# Canon Pixma MX700 Black Ink Issue



## wab11287

So I have had this printer for over a year now and I have not had any issues with it until just lately. Without making any changes to the printer it self it started to print out anything black with a really scratchy look to it. 

Any type of text seems a little faded in areas but its all in a straight line across horizontal. 

I have tried the maintenance settings on the printer to do a nozzle check, cleaning, and deep cleaning and all fail to solve the issue.

To give an idea of what I mean by the issue I printed off a test page that should look like this:
http://www.inkguides.com/images/test-page-printing/print-test-page-black.gif

and scanned the printed page to show the difference
http://i56.tinypic.com/28he90g.png

The lines that are lighter are the faded ones.

I also did a test sheet of just text 
http://i54.tinypic.com/n3ojs2.png

If I print anything in any color it comes out clear and perfect.

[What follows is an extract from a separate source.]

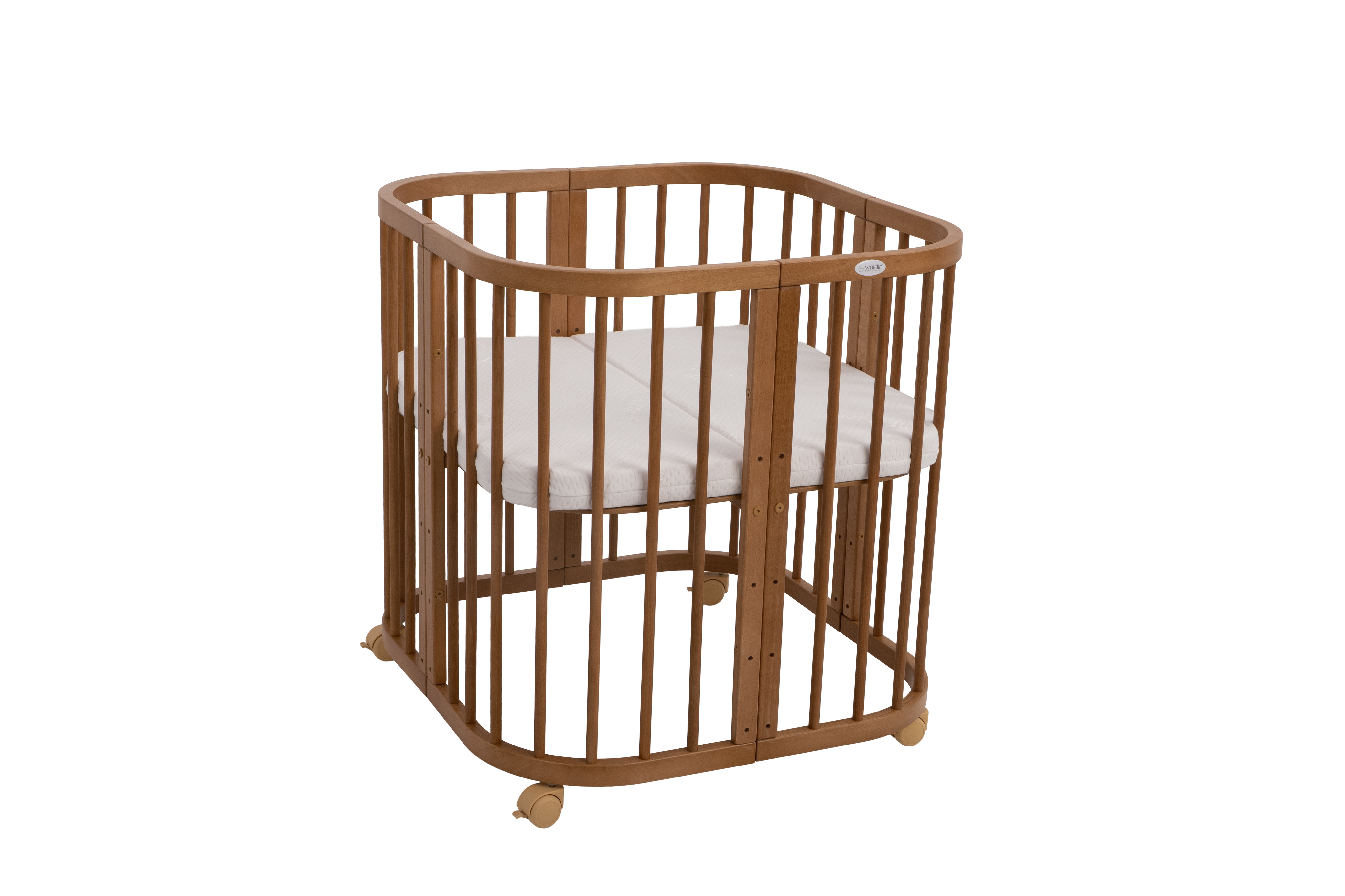 - Mniejsze łóżeczko: wysokość 75 cm, szerokość 77,5 cm, długość 77,5 cm

Everything else about the printer works great and all around its a great printer so I rather not have to buy a new printer just because of this problem.

Please help!


----------



## johnb35

Take the cartridge out and wipe off the excess ink.  I had to the same thing to one of my clients printers just the other day.  Also, look on each side of the printer track where it stops to see if there is a small catcher for dripping ink, usually on the left side when you open the cover.  If its getting full then its screwing up the printing. On the right side is usually just a sponge that catches the drippings.  May need to take it in and have it cleaned out.


----------



## wab11287

I took a look at the cartridge and it seems ok. I cleaned it up a little and put it back in. I also looked for drip catcher and I couldnt see anything really on the left but on the right there seems to be a lot of ink build up and a little possible dust or dirt particles. To clean the sponge is that something I need to take to a company or is it something I can personally do at home? If so what would the steps to take.

Thanks


----------



## johnb35

I haven't done it personally, but if you do try it, be very careful as it you could make a mess inside the printer if the ink starts dripping all over.  You might want to get an estimate on how much it would cost first before taking it in to someone.


----------



## wab11287

Sorry to ask so many questions but where would be a good place to get an estimate?


----------



## johnb35

Ask around where you live on who works on printers.  Not sure how much you paid for the printer but if the cost to fix it is near the price of a new printer, just look for a new printer then.  Thinking it would be under $100 hopefully.


----------



## wab11287

Ok thanks for all the help. I will see what I can find out from a local shop.


----------



## cramp1

that model,It is a good brand right?please help me to find one if not
thanks in advance


----------